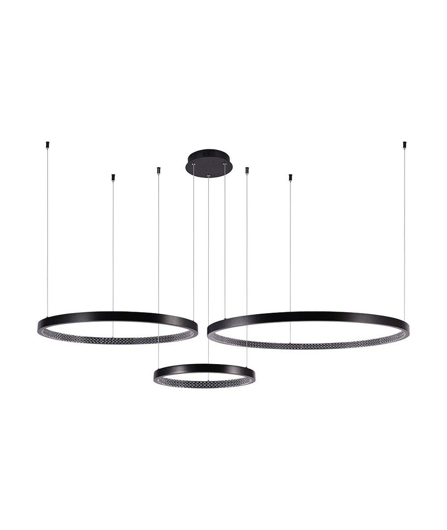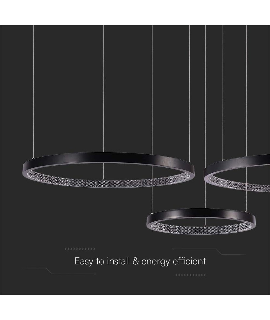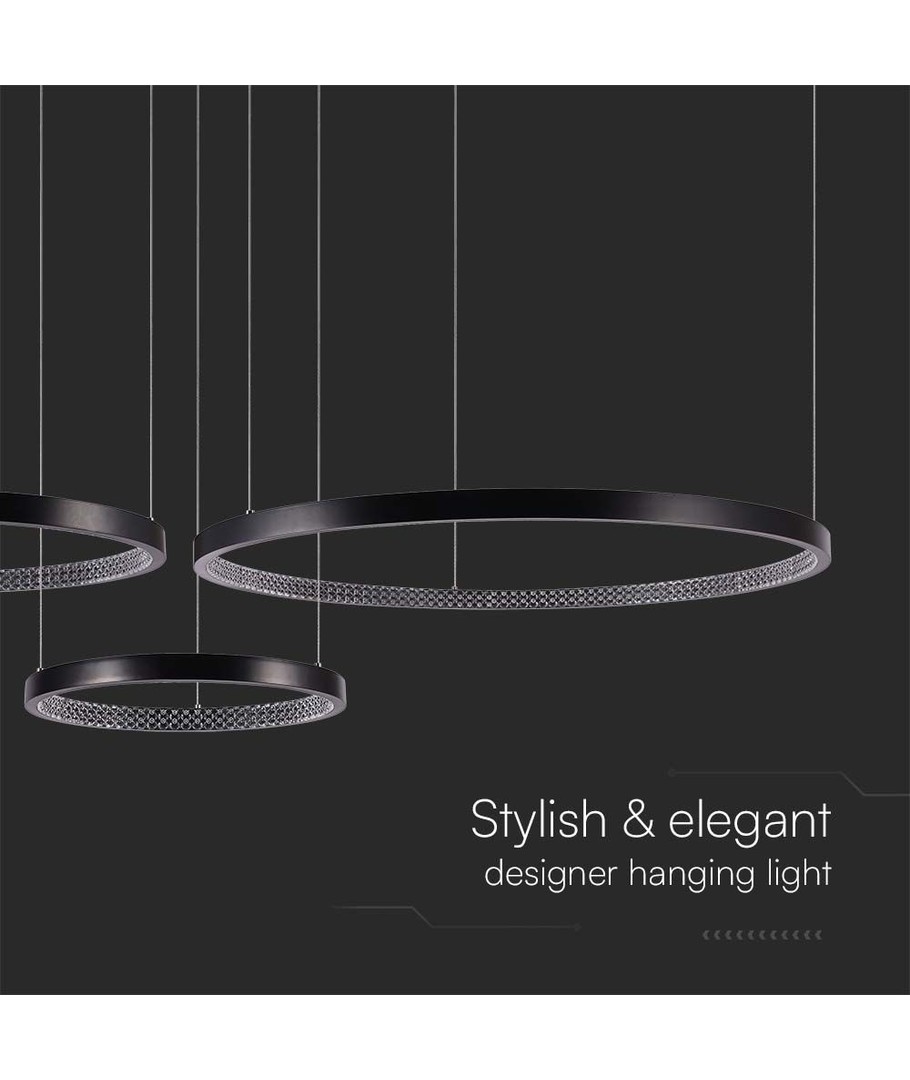 Denna hänglampa kombinerar modern design och effektiva ljusegenskaper för att förbättra ditt inomhusutrymme. Med en elegant struktur, kristallakryl och en svart finish, blir den ett stilrent tillskott i vilket rum som helst.
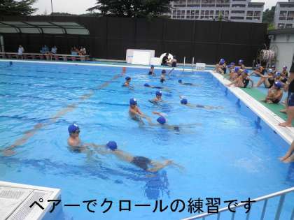 水慣れだけでなく,ペアーになって泳法の練習もしっかり取り組みました。
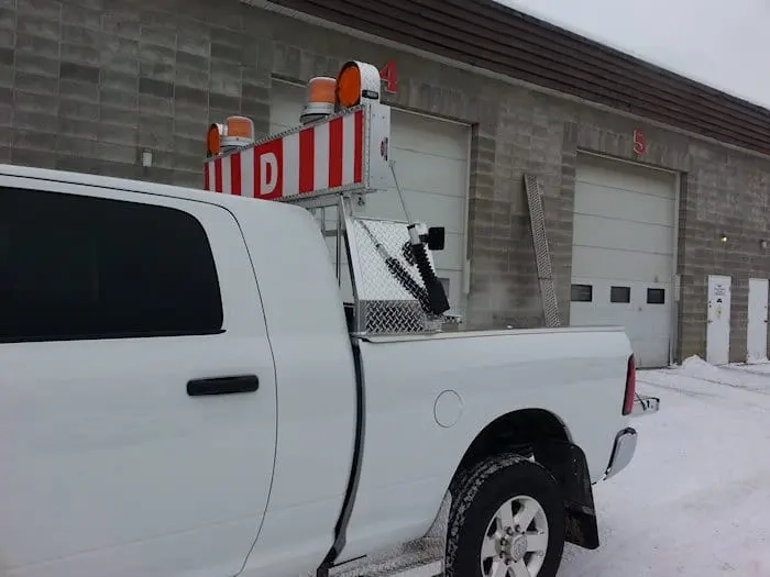 Vehicles equipped with orange and blue lighting to ensure constant site visibility.
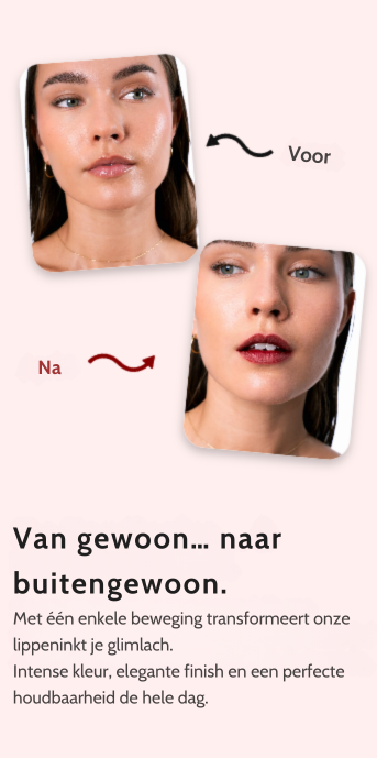 Met zorg ontwikkeld: onze lippeninkt combineert een langdurige houdbaarheid, water- en wrijvingsbestendigheid, met een natuurlijke en elegante finish.
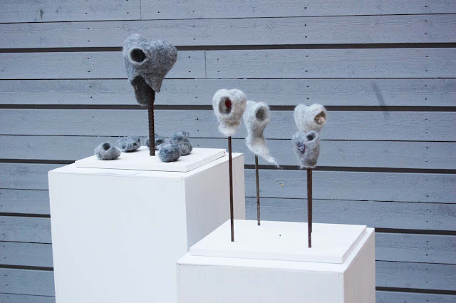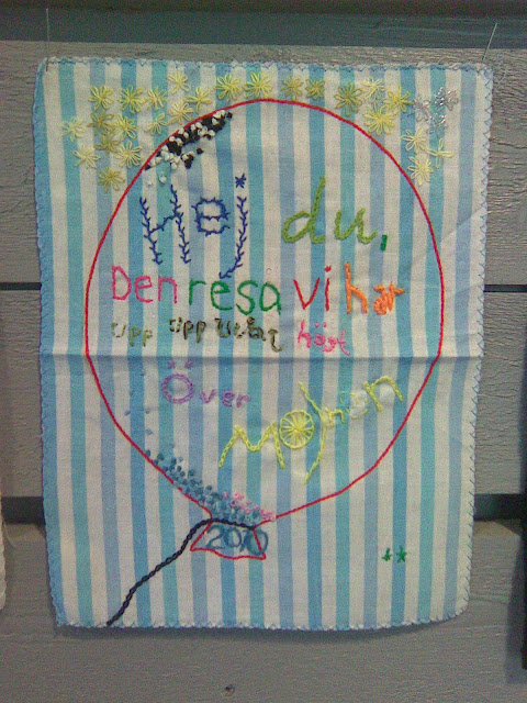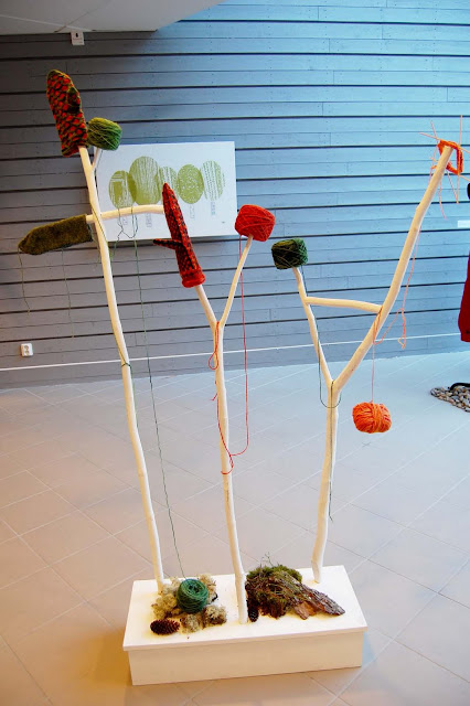 Yui的瑞典朋友在學校主修Textile,上週四在main campus的natural building(我覺得是隨便找個有空的大樓lobby就可以擺)裡面辦了一個展覽.展覽雖小,但是好天氣透過玻璃屋頂撒在這些五顏六色的作品上面,感覺裡面有長著翅膀的小精靈飛出來,告訴你瑞典春天的故事

■ ■ ■ ■ ■ ■ ■

Task goal: A faithful copy of the entries above is needed, one that contains no images.

Result:
 Denna hänglampa kombinerar modern design och effektiva ljusegenskaper för att förbättra ditt inomhusutrymme. Med en elegant struktur, kristallakryl och en svart finish, blir den ett stilrent tillskott i vilket rum som helst.
 水慣れだけでなく,ペアーになって泳法の練習もしっかり取り組みました。
 Vehicles equipped with orange and blue lighting to ensure constant site visibility.
 Met zorg ontwikkeld: onze lippeninkt combineert een langdurige houdbaarheid, water- en wrijvingsbestendigheid, met een natuurlijke en elegante finish.
 Yui的瑞典朋友在學校主修Textile,上週四在main campus的natural building(我覺得是隨便找個有空的大樓lobby就可以擺)裡面辦了一個展覽.展覽雖小,但是好天氣透過玻璃屋頂撒在這些五顏六色的作品上面,感覺裡面有長著翅膀的小精靈飛出來,告訴你瑞典春天的故事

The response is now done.